Mientras tanto, en el opulento salón del hotel, después de su discurso cargado de advertencias veladas, Lluvia bajó del escenario, sintiendo una mezcla extraña de vacío y euforia. Los aplausos fueron más bien tenues, ahogados por el eco desafiante de las palabras de Rodrigo y la creciente incomodidad que se cernía sobre el salón. La atmósfera de celebración se había enrarecido, como si una nube oscura, cargada de secretos y resentimientos, se cerniera sobre el evento. El Jack Daniels había adormecido un poco sus nervios, pero la tensión, una compañera constante en su vida, continuaba, un zumbido bajo la superficie de su piel.
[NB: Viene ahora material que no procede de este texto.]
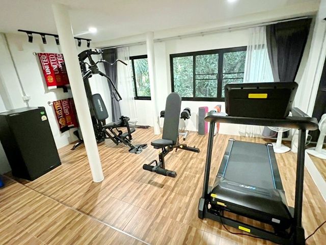 จอดรถ 2 คัน ห้องฟิตเนสส่วนตัวพร้อมลู่วิ่ง และอุปกรณ์ ห้องดูหนัง ห้องอ่านหนังสือ ระบบกรองน้ำดื่ม และน้ำใช้ทั้งหลัง
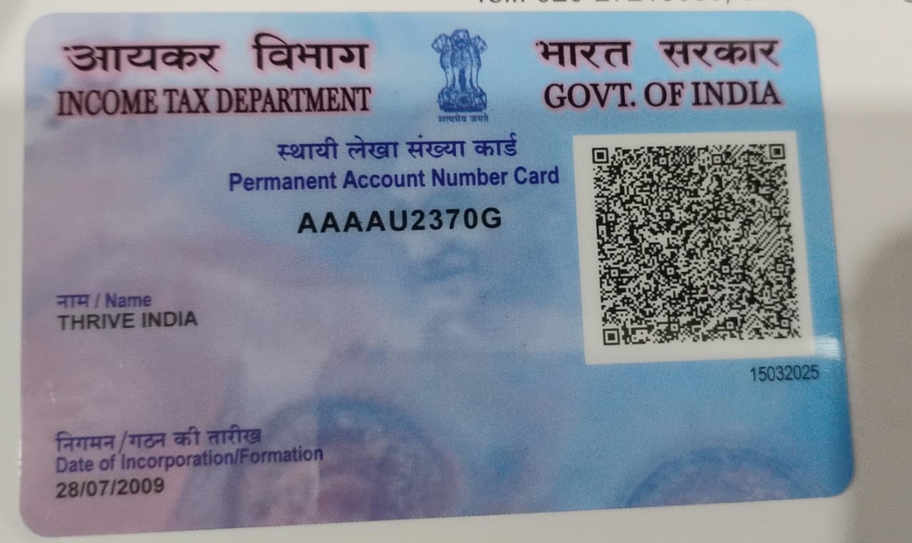 • Thrive India is registered under the Societies Registration Act, 1860 as a not-for-profit organization.
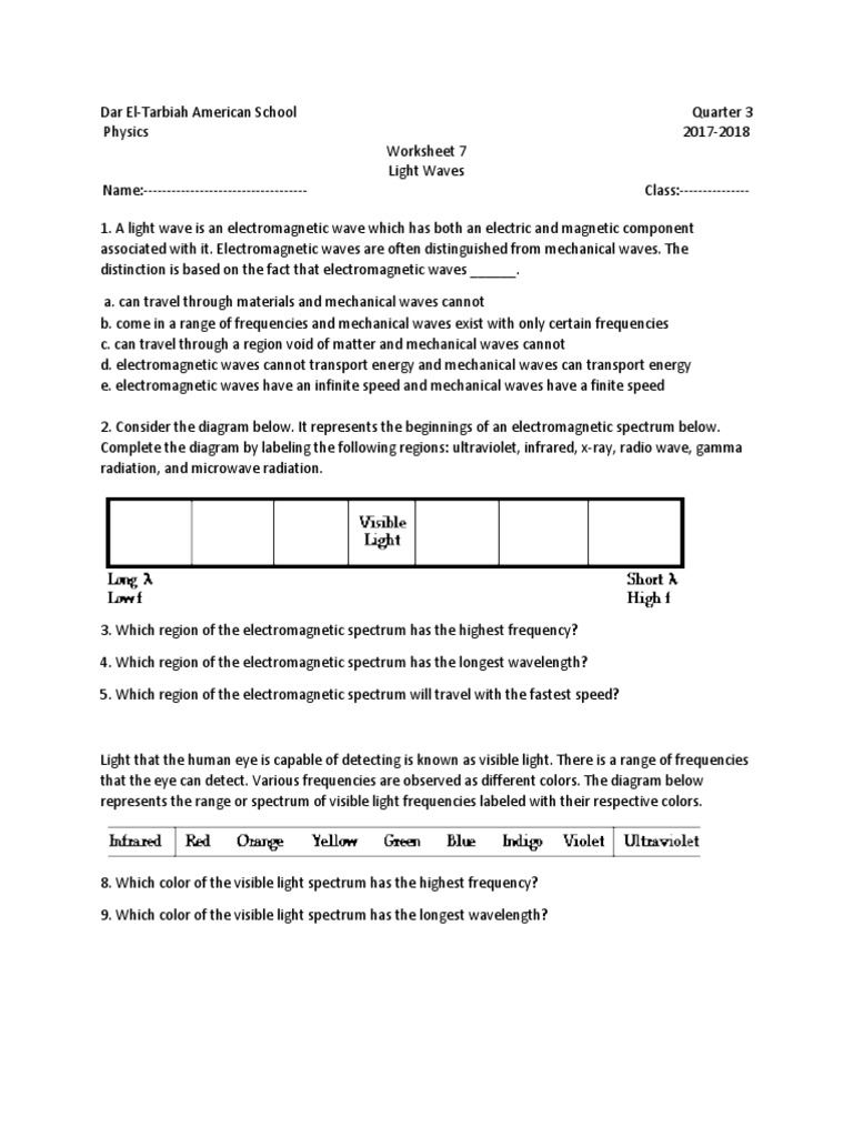 Worksheet 7 Light Waves
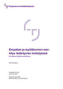 (2026)Tämän opinnäytetyön tarkoituksena oli kuvata, miten empatia ja myötätunto ilmenevät ikääntyvien hoitotyössä sekä millaiset tekijät vaikuttavat niiden toteutumiseen. Työ toteutettiin kuvailevana kirjallisuuskatsauksena, ja ... -
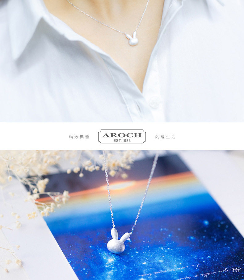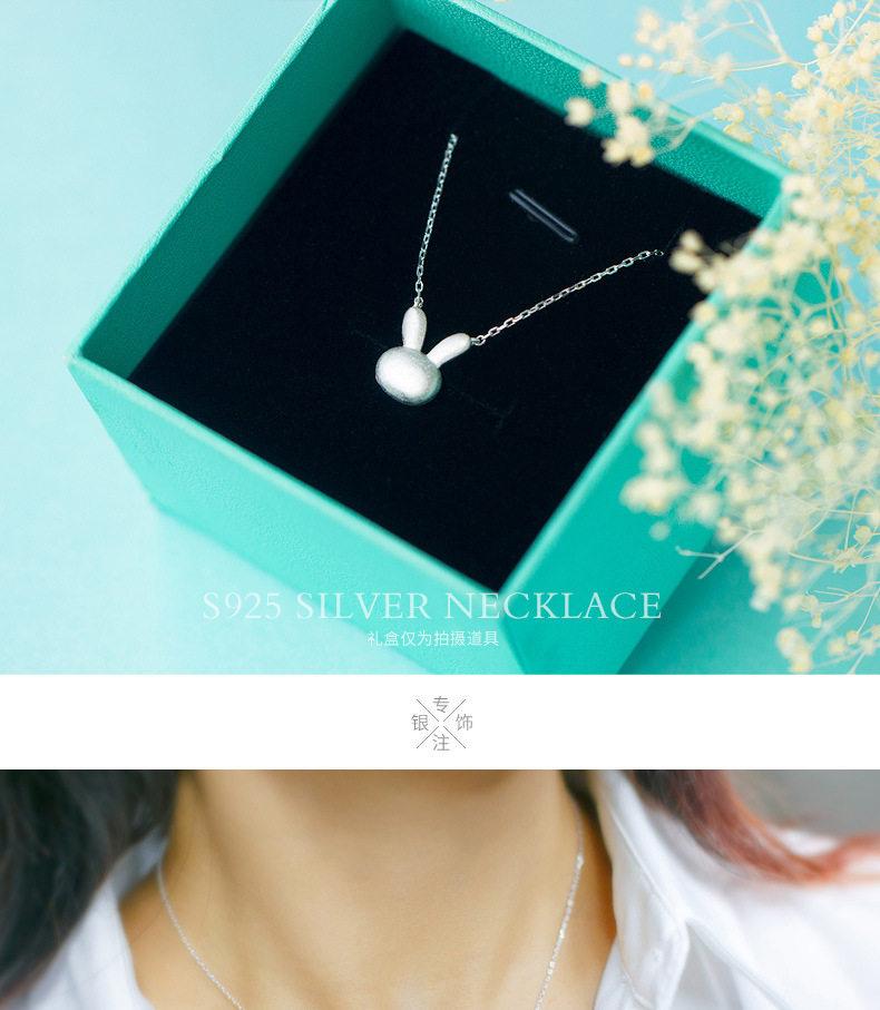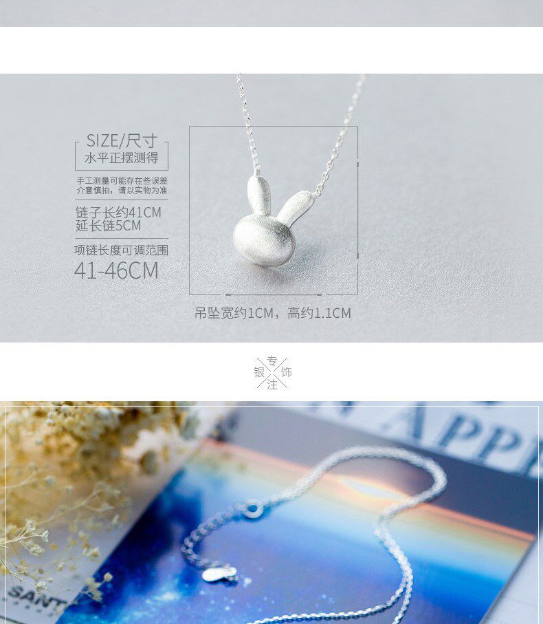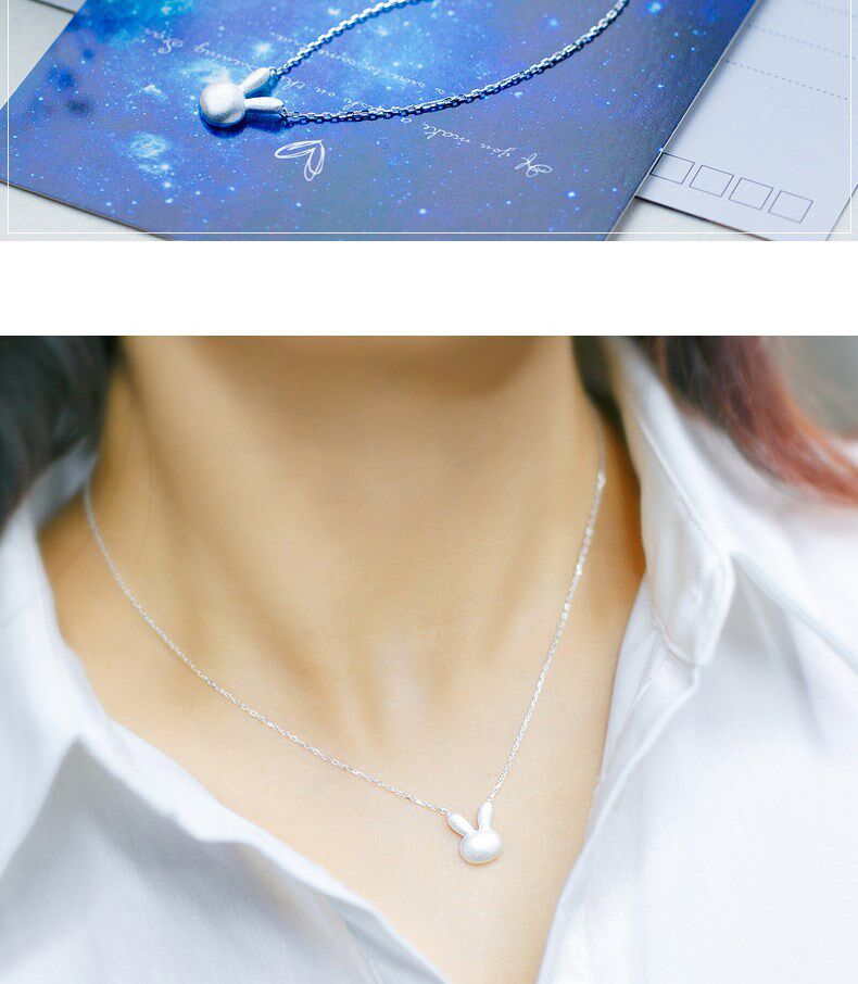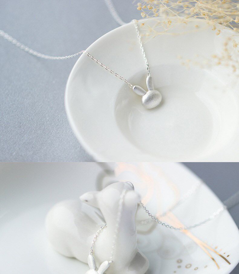 Ожерелье, милая подвеска, матовый милый кролик, короткая цепочка до ключиц, серебро 925 пробы, в корейском стиле
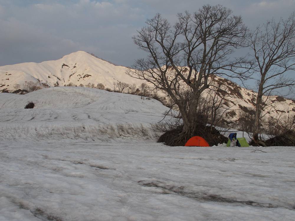3日(火) 笹倉温泉登山口 12:45---アマナ平 15:40 ---BC(北面台地1250m地点) 16:40

La música del DJ, que hasta ahora había sido elegante y discreta, con suaves melodías de jazz y lounge, cambió drásticamente a un beat más potente y electrónico, con sintetizadores vibrantes y bajos profundos. Las luces estroboscópicas comenzaron a parpadear, creando una atmósfera de club nocturno, sumergiendo a la multitud en un juego de sombras y destellos. La pista de baile se llenó rápidamente con los asistentes más jóvenes y audaces, liberados por el alcohol y la excitación de la noche. Lluvia, en un intento de disipar la energía residual de su discurso y de evitar las miradas inquisitivas que aún la seguían, se unió a un pequeño grupo de chicas que ya bailaban con entusiasmo, moviéndose al ritmo de la música. Entre ellas, deslumbrante en su vestido rojo que la hacía parecer una llama en la penumbra, estaba Tamara.